## [What you have to do]
When you reach the line below that has "Hirsirakennus, paljas hirsi", start returning lines exactly, and stop after the line that has "HOMCOM Wooden Kids"; skip the pictures.

Records from a collection:
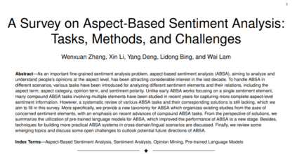 方面级情感分析是大家关注的一个问题,最近来自香港中文大学的学者发布了最新《基于Aspect的情感分析综述论文》系统介绍了ABSA方法体系。
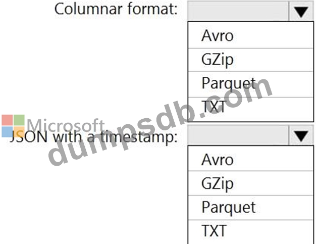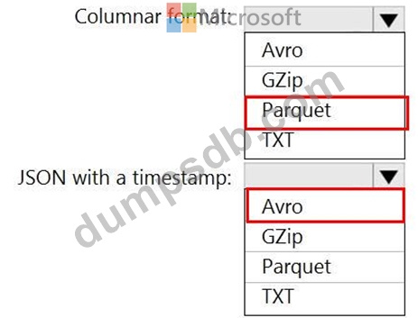 Which file format should you use for each type of output? To answer, select the appropriate options in the answer are a.
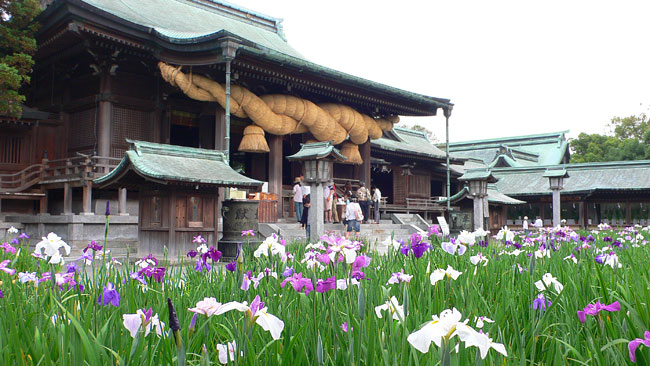 「菖蒲まつり」の垂れ幕が目に入ったので少しばかり寄り道。九州では唯一の江戸菖蒲の菖蒲園を持つ、福岡県福津市「宮地嶽神社」の花菖蒲苑。5月31日~6月10日まで、境内で「菖蒲まつり」が開催されていました(文言:ふれあいサロン館より)。
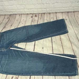 Cute Tomboy crop jeans from Lucky Brand. Good pre-owned condition! Barely noticeable— but there is some pulling/stretching near upper thigh area on one side. (See photo) Inseam is 28”.
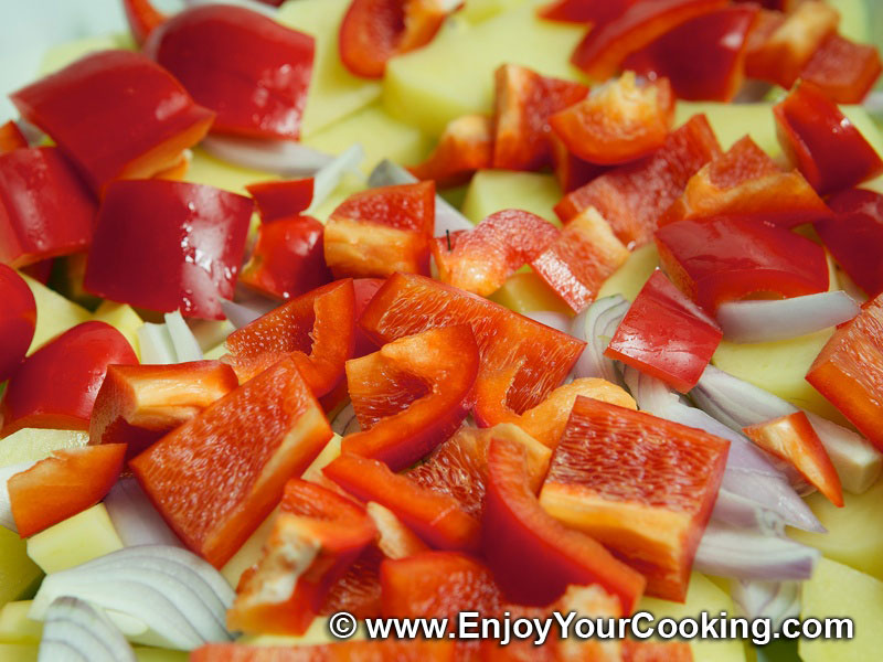Prepare ingredients: as you can see on the pictures below, baking pan I used wasn’t big enough for amount ingredients I had — it was hard for me to stir vegetables in it. Stirring is easier to do if baking pan is bigger or/and its sides are higher than content for at least 1 inch — so adjust amount of ingredients if you have the same baking pan or use bigger one:
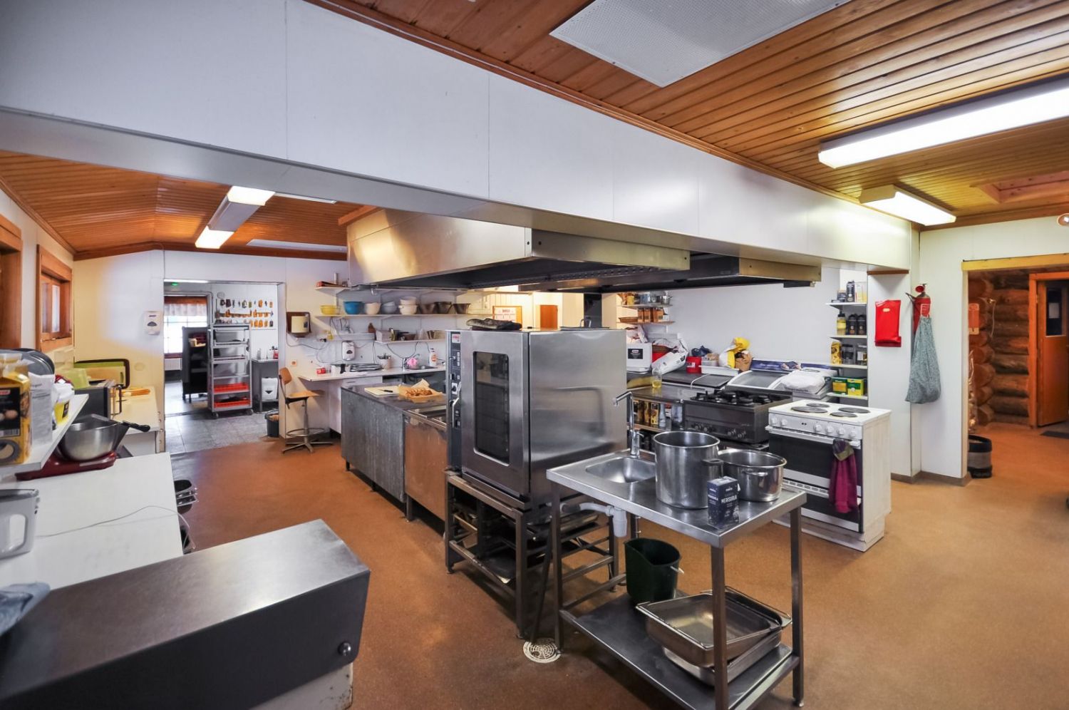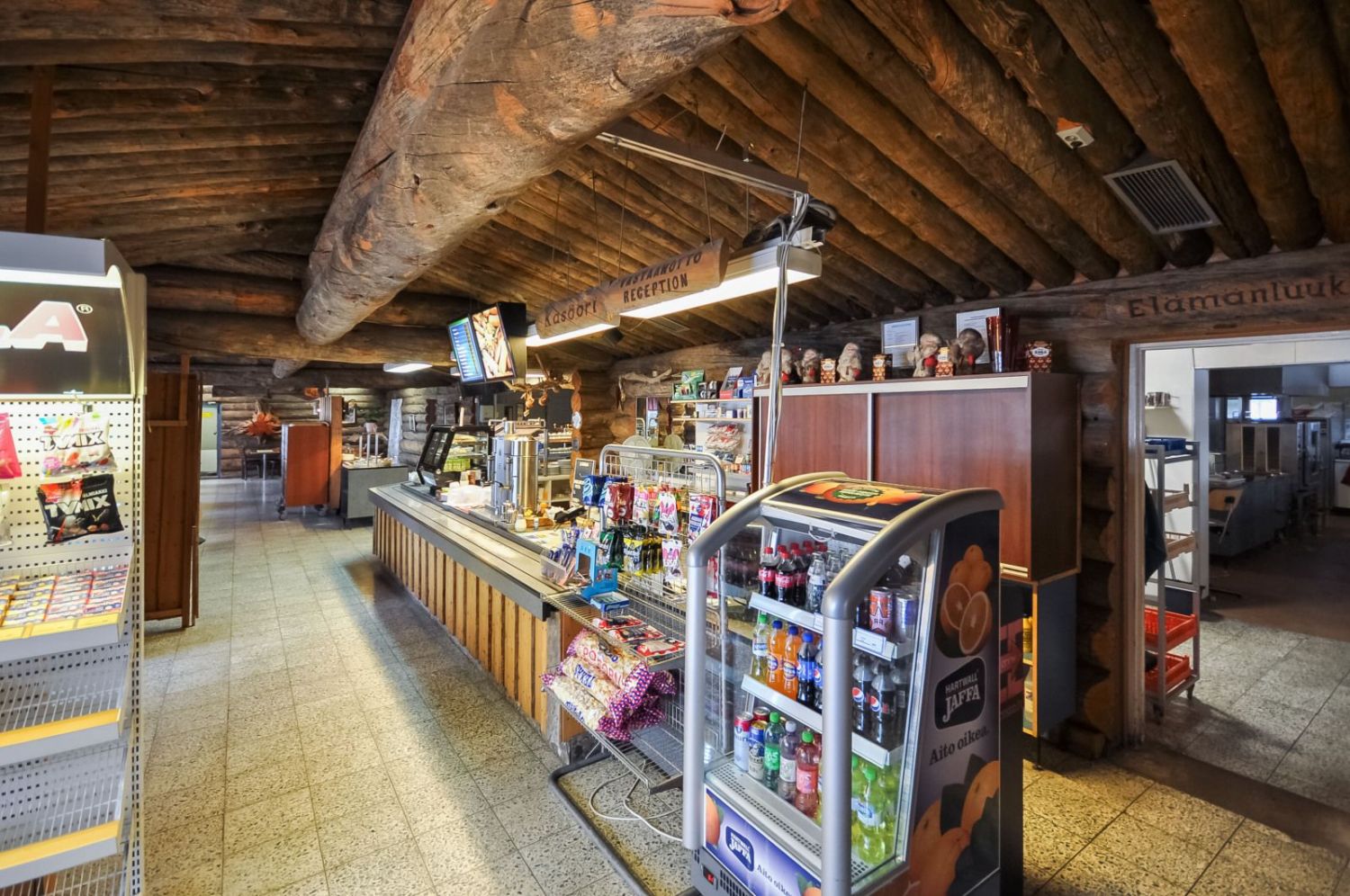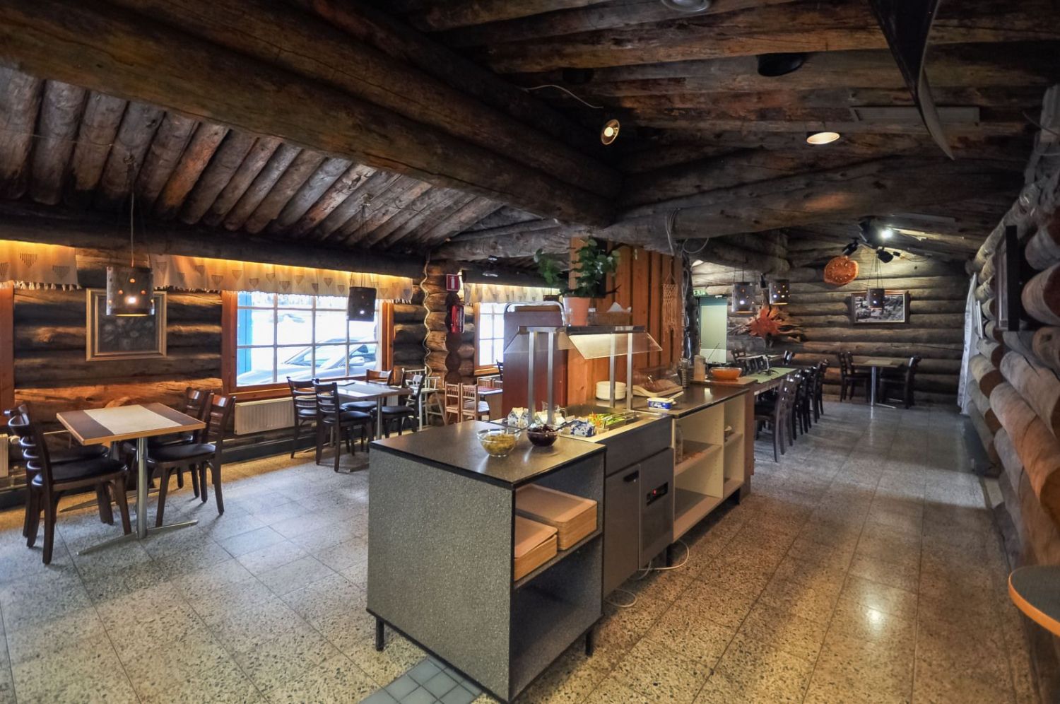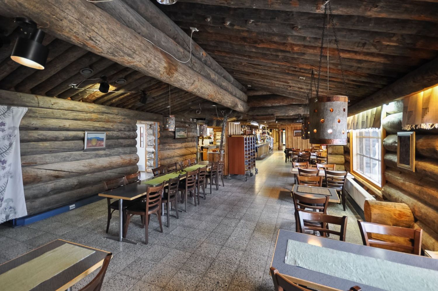 Hirsirakennus, paljas hirsi luo tunnelmaa läpi rakennuksen niin ruokailusalissa kuin saunassakin. Ammattilaistason keittiötilat.
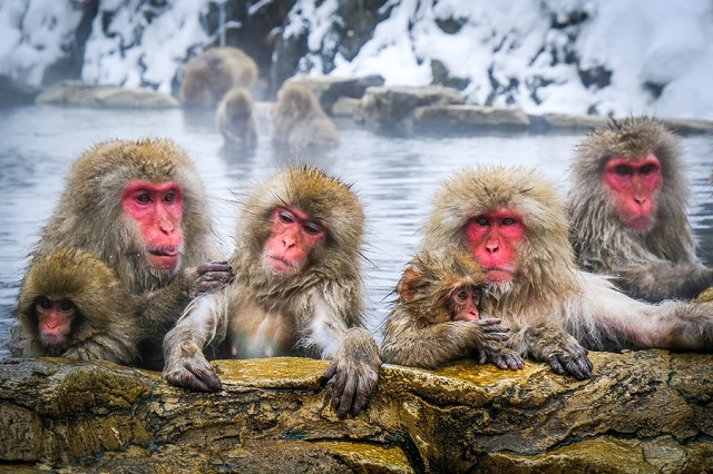 Thực tế, người ta đã quan sát những chú khỉ thường tắm tại công viên khỉ Jigokudani trong nhiều năm như một cách để chúng giữ ấm cơ thể trong mùa đông khắc nghiệt ở Nagano. Giữa bốn bề là tuyết, những chú khỉ đang ngồi yên trong làn nước bốc hơi như thể đang tận hưởng hơi ấm và sự thư giãn khi những bông tuyết rơi xuống mặt chúng. Bạn cũng bắt gặp những chú khỉ nằm thư giãn trên những tảng đá xung quanh, thậm chí trên đường đi bộ.
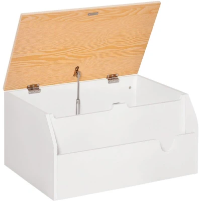 HOMCOM Wooden Kids Toy Box Children Storage Chest Organiser Book Slot Safety Hinge Playroom Furniture White
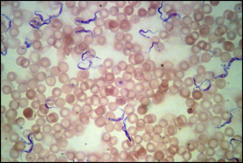 Kinetoplast is the dense granule of DNA in the mitochondria at the posterior end of the cell. The flagellum runs along the side of the body and inserts into the end of the cell, aiding in undulating movement. It is a zooflagellate
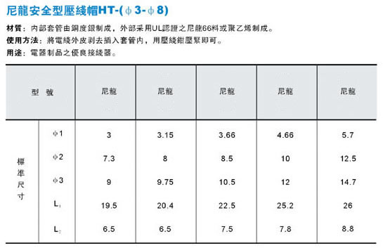 尼龙安全型压线帽HT-(Ф3-Ф8)
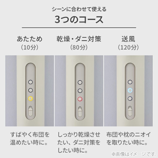 「あたため」「乾燥・ダニ対策」「送風」の計3つのコースを搭載。ワンタッチで挿し込むだけで、ランドリーに行く手間や消臭剤を吹きかける手間から解放されます。快眠のための習慣・環境づくりを365日サポートします。
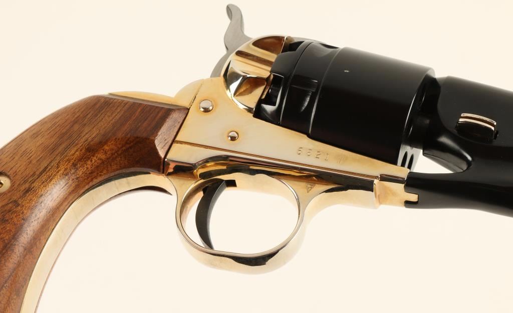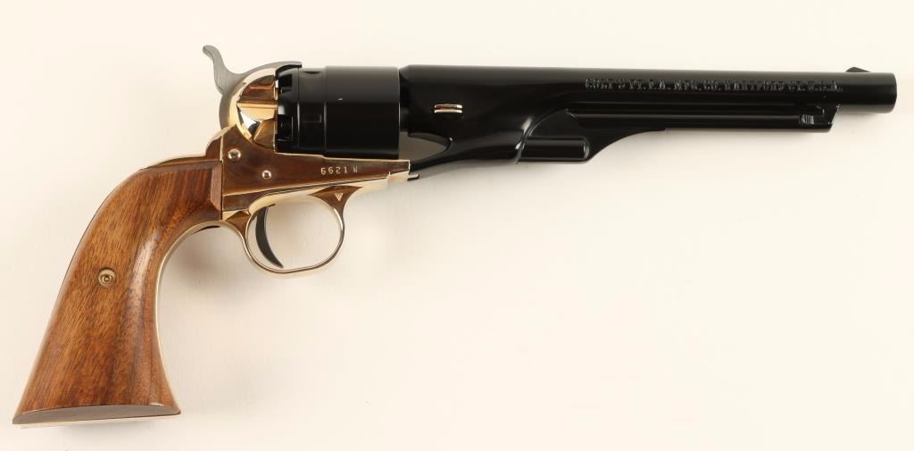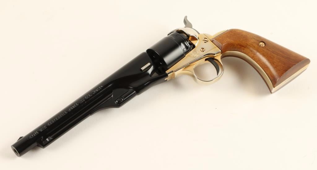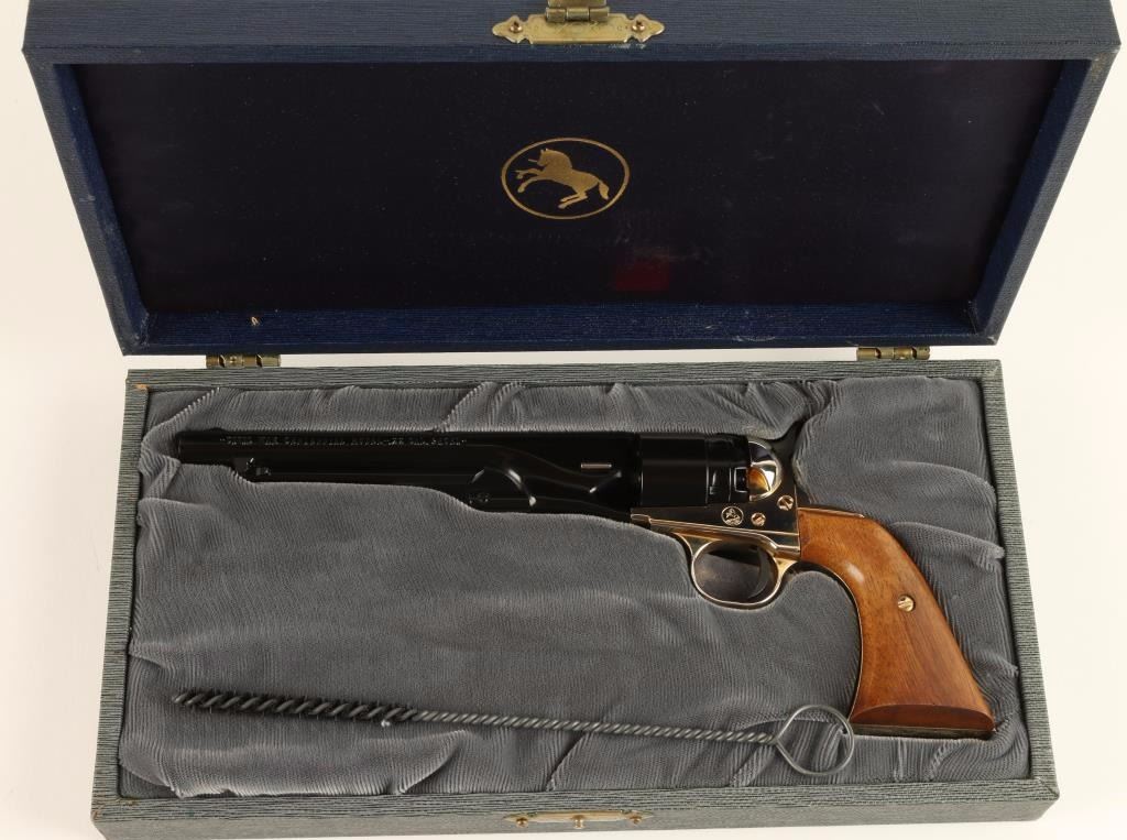 Cased single shot commemorative pistol chambered in .22 short, circa 1961. A scaled down version of the 1860 Army, 1 of only 24,114 produced. Features a black 6" barrel, non-working loading lever, black stationary non-fluted cylinder, brass plated frame, serrated hammer spur, and two piece walnut grips. Includes a Colt fitted presentation with grey velvet lining and cleaning brush. Finish shows a small single loss on cylinder and wear to brass plating on the backstrap and is otherwise perfect. Action is smooth, bore is good, are grips are fine. Condition is near excellent in box. ***C&R Firearm*** ***Modern Firearm***
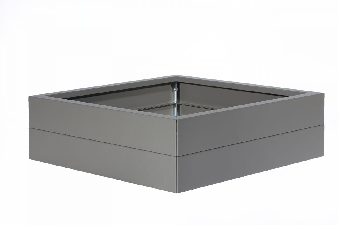 De taupekleurige modulaire plantenbak van gepoedercoat staal straalt rust, zachtheid en verfijning uit. De natuurlijke tint vormt de perfecte balans tussen grijs en bruin en past moeiteloos in elke buitenruimte.
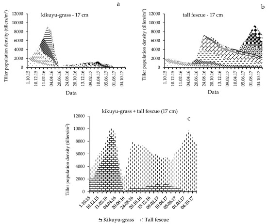 On the other hand, kikuyu-grass tillering decreased as the canopy height increased. Kikuyu-grass persistence was dependent on the frequent recruitment of tillers, since it was characterized by short-lived tillers (3–4 months, on average), even under more lenient management conditions. This fact, associated with the occurrence of frost during the autumn of 2016 and greater shade due to an increase in the tall fescue population in the more lenient management conditions during winter, likely prevented the restoration of kikuyu-grass during the summer of 2017. Moreover, probably, the amount of carbohydrates stored in the roots and stems [20] of kikuyu-grass was not sufficient to provide an adequate regrowth in summer to withstand the highly stressful/disturbing cool season (autumn and winter), which led to an almost null population of this plant at the end of the experimental period. In addition, the absence of nitrogen fertilization in the summer might have directly affected the loss of persistence of kikuyu-grass growing under more lenient grazing managements (17 and 17/7 cm), considering that plants functionally defined as exploitative, such as kikuyu-grass, tend to deplete water and carbohydrate reserves when continuously submitted to low-fertility environments [21].

## [Task result]
 Hirsirakennus, paljas hirsi luo tunnelmaa läpi rakennuksen niin ruokailusalissa kuin saunassakin. Ammattilaistason keittiötilat.
 Thực tế, người ta đã quan sát những chú khỉ thường tắm tại công viên khỉ Jigokudani trong nhiều năm như một cách để chúng giữ ấm cơ thể trong mùa đông khắc nghiệt ở Nagano. Giữa bốn bề là tuyết, những chú khỉ đang ngồi yên trong làn nước bốc hơi như thể đang tận hưởng hơi ấm và sự thư giãn khi những bông tuyết rơi xuống mặt chúng. Bạn cũng bắt gặp những chú khỉ nằm thư giãn trên những tảng đá xung quanh, thậm chí trên đường đi bộ.
 HOMCOM Wooden Kids Toy Box Children Storage Chest Organiser Book Slot Safety Hinge Playroom Furniture White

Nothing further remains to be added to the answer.